00:18:17.210 Consumer lending firm called a firm utilizes technology that could further entrench privilege by evaluating applicants based on their social media presence and behavioral factors, introducing built-in biases against those without traditional advantages.

00:19:01.110 They gather data with the intent of predicting creditworthiness, yet factors like overall typing speed during terms of service can lead to misjudgments based on unrelated influences. This is a challenging problem that must be addressed to ensure equitable outcomes in lending.

00:19:43.440 Moreover, utilizing social media relationships as indicators of creditworthiness suggests an alarming turn; the potential for deeply invasive algorithms lurking beneath a friendly facade is concerning. Facebook’s efforts to model friendship networks for lending criteria poses grave ethical questions.

00:20:27.220 The CEO’s insistence on avoiding human assumptions adds to this layering of bias that requires scrutiny. Data itself is never objective; every action taken based on the data collected must consider the context and interpretation.

00:21:06.030 It’s crucial to audit outcomes and maintain transparency, employing techniques similar to those used in discrimination audits in housing and employment to identify hidden biases in algorithms.

00:21:48.509 By using identical applications to assess diverse factors—such as race, gender or income—we can identify discriminatory practices without having to interrogate every underlying algorithm. Such measures cultivate accountability and ensure ethical scrutiny.

00:22:35.190 Additionally, we must hold ourselves accountable to data and algorithmic transparency. While proprietary technology may feel like a competitive advantage, increasing shares insight and better products in the long run.

00:23:19.890 The commitment to transparency creates trust and understanding, resulting in superior product outcomes. As Amy Hoy pointed out, if one’s product leads to significant consequences for users, the urgency to act responsibly becomes essential.
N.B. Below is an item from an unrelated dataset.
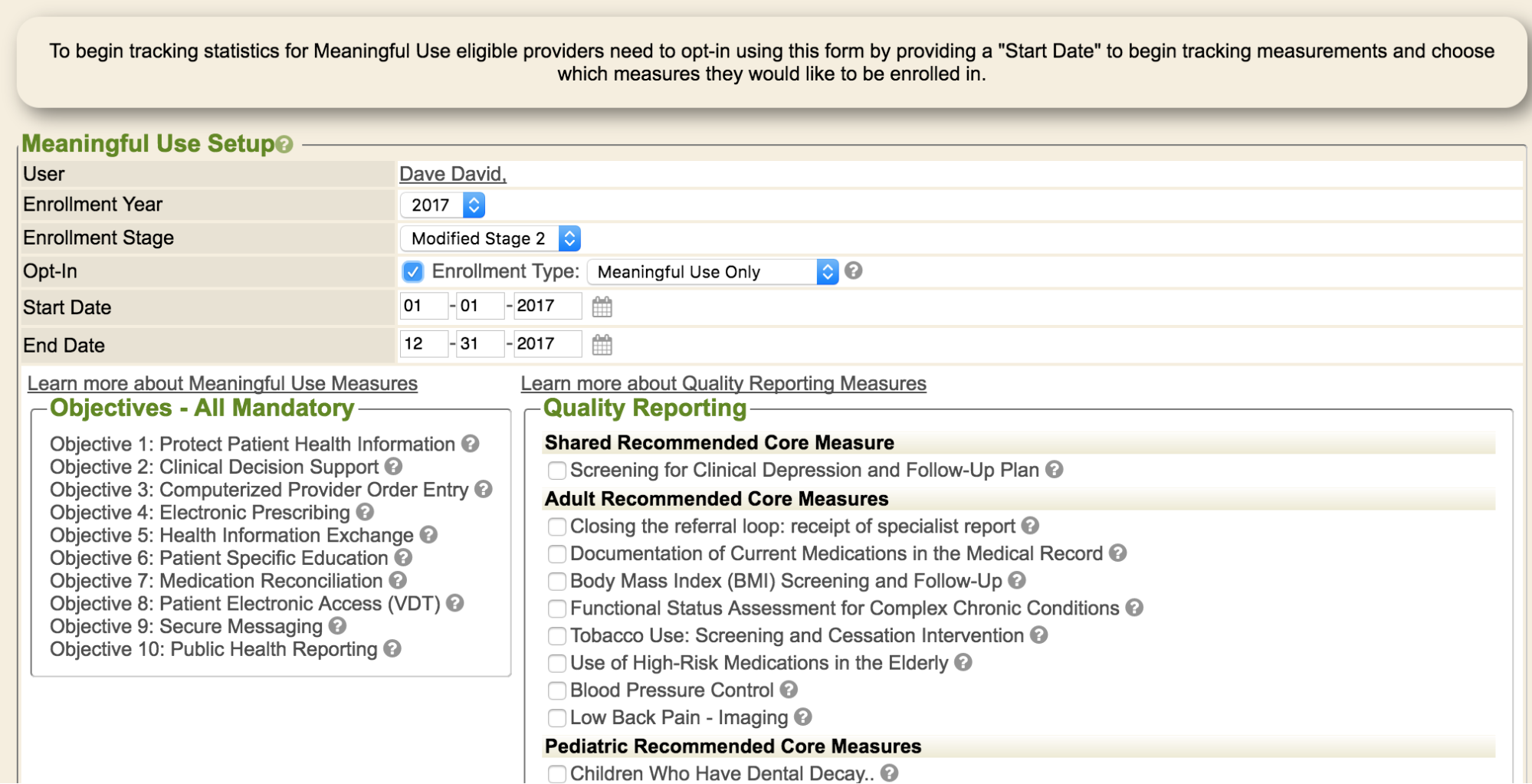 Enrolling, or opting in, is currently no different than previous years and though updates to WebChart’s enrollment process are slated for early 2017, do not be leery of the original Meaningful Use Setup. As the comment period comes to an end and measures are finalized, MIE will be updating the applicable measures to reflect the Advancing Care Information, Improvement Activities, and Quality categories. But in the meantime, DO NOT stop your current processes. In order to capture the necessary data, continue your workflows as before.

00:24:00.340 In conclusion, creating algorithms responsibly requires critical thinking, shared ownership over project outcomes, and a decision to prioritize users’ perspectives. If we are going to write code that infers people’s intimate lives, we must advocate on their behalf.

00:24:45.970 This means resisting the implementation of algorithms that impose consequences without enthusiastic consent from the individuals affected. We must refuse to repeat the mistakes of the past by critically examining the power of our code.

00:25:29.440 In summary, it is our duty as coders to ensure that our work serves the best interests of people—designing algorithms that always keep the implications for users front and center, while remaining faithful to the ethical considerations we uphold in our practice.